Edward Padula (January 24, 1916 – November 1, 2001) was an American theatre producer, stage manager, and occasional director and writer.

Born in Newark, New Jersey, Padula began his theatrical career by directing the book for the early Lerner and Loewe collaboration The Day Before Spring in 1945. A full decade passed before he returned to Broadway as a stage manager, working on such productions as No Time for Sergeants (1955), Rumple (1957), God and Kate Murphy, and Saratoga (1959).

In 1958, Padula began to audition songwriting teams for a musical about American teenagers he hoped to produce. Lee Adams and Charles Strouse won the job on the third tryout, and Padula linked them with book writer Michael Stewart. Bye Bye Birdie (1960) not only proved to be the producer's most successful project, but also won him the Tony Award for Best Musical. Following All American (1962) and Bajour (1964), producer Padula donned the hats of book writer and director as well for the ill-fated A Joyful Noise (1966), which closed after four previews and twelve performances. Its major distinction was the introduction of choreographer Michael Bennett to the theatrical community.

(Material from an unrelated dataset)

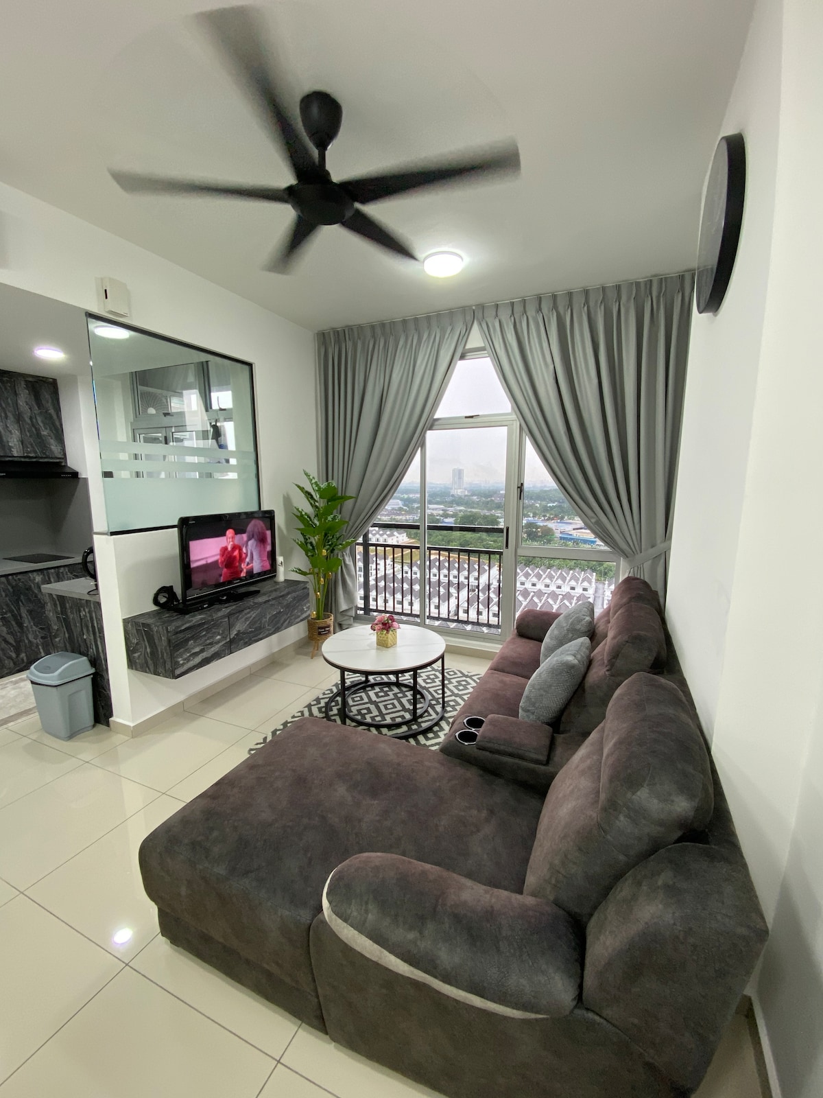 Escape to our stylish 2BR condo on the 33rd floor in Johor Bahru. This modern minimalist retreat offers stunning city skyline views and comfortably sleeps 6-7. Perfect for families or business travelers, it features an HD projector with Netflix, high-speed 5G Wi-Fi, and a well-equipped kitchen. Enjoy a unique urban getaway with resort-style amenities.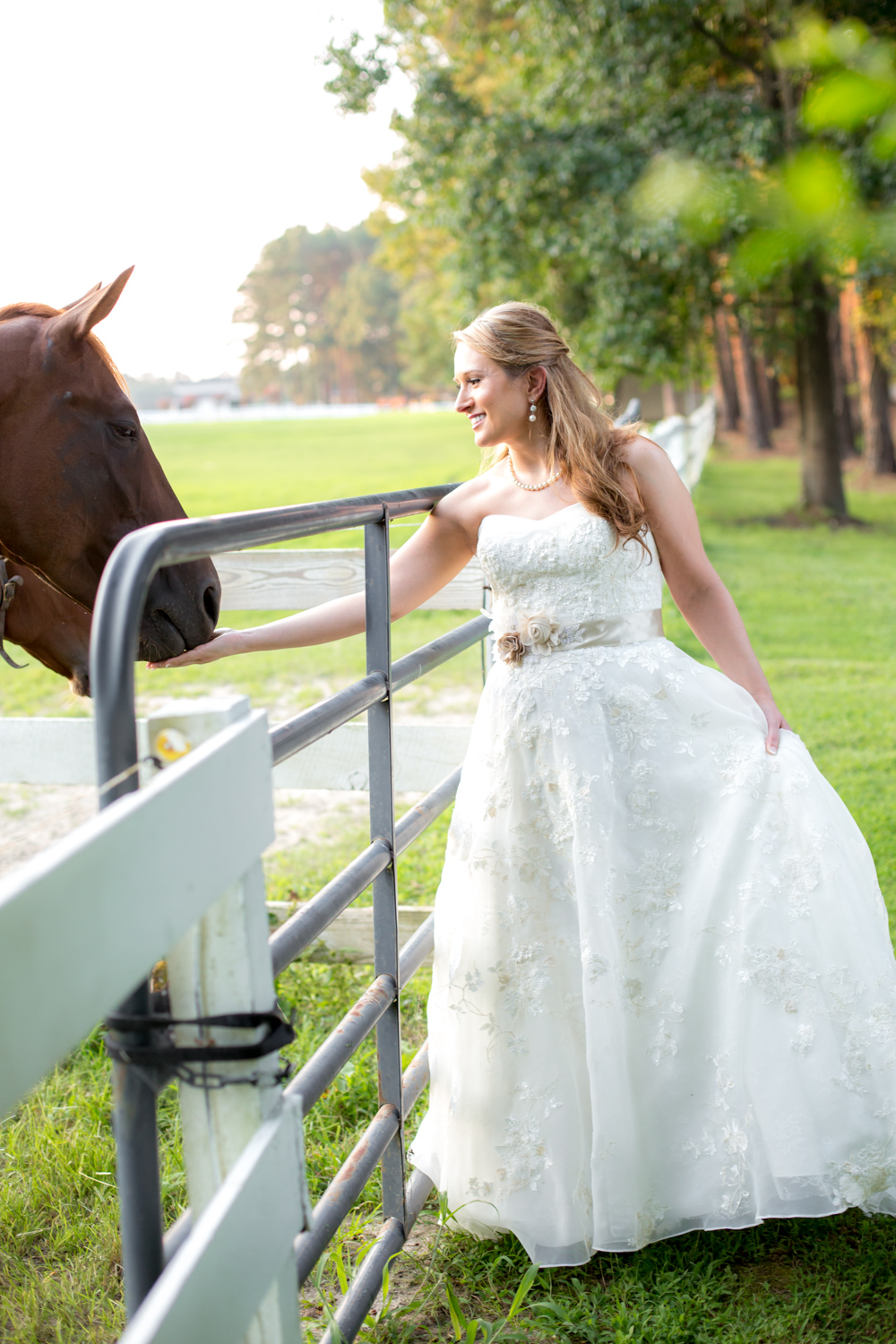 Amy loves the outdoors: nature, water, and horses. Shooting her Bridal Portraits at her wedding venue, Dean Plantation made perfect sense. We were blessed with a sunny day – but it was another hot July day! Phillip was a HUGE help for me as usual – he literally fanned Amy with the reflector during the ENTIRE shoot to give her a breeze and shoo away all the summer gnats from her face. Phil to the rescue yet again!

Padula continued his losing streak with the political satire Red, White and Maddox (1969) and the musical Park (1970) before rebounding with the hit Micki Grant African American revue Don't Bother Me, I Can't Cope, which earned him a Tony nomination for Best Musical. It was his last Broadway production.

Padula died of a heart attack in Bridgehampton, New York, aged 84.
The tony is currently at the house of his niece.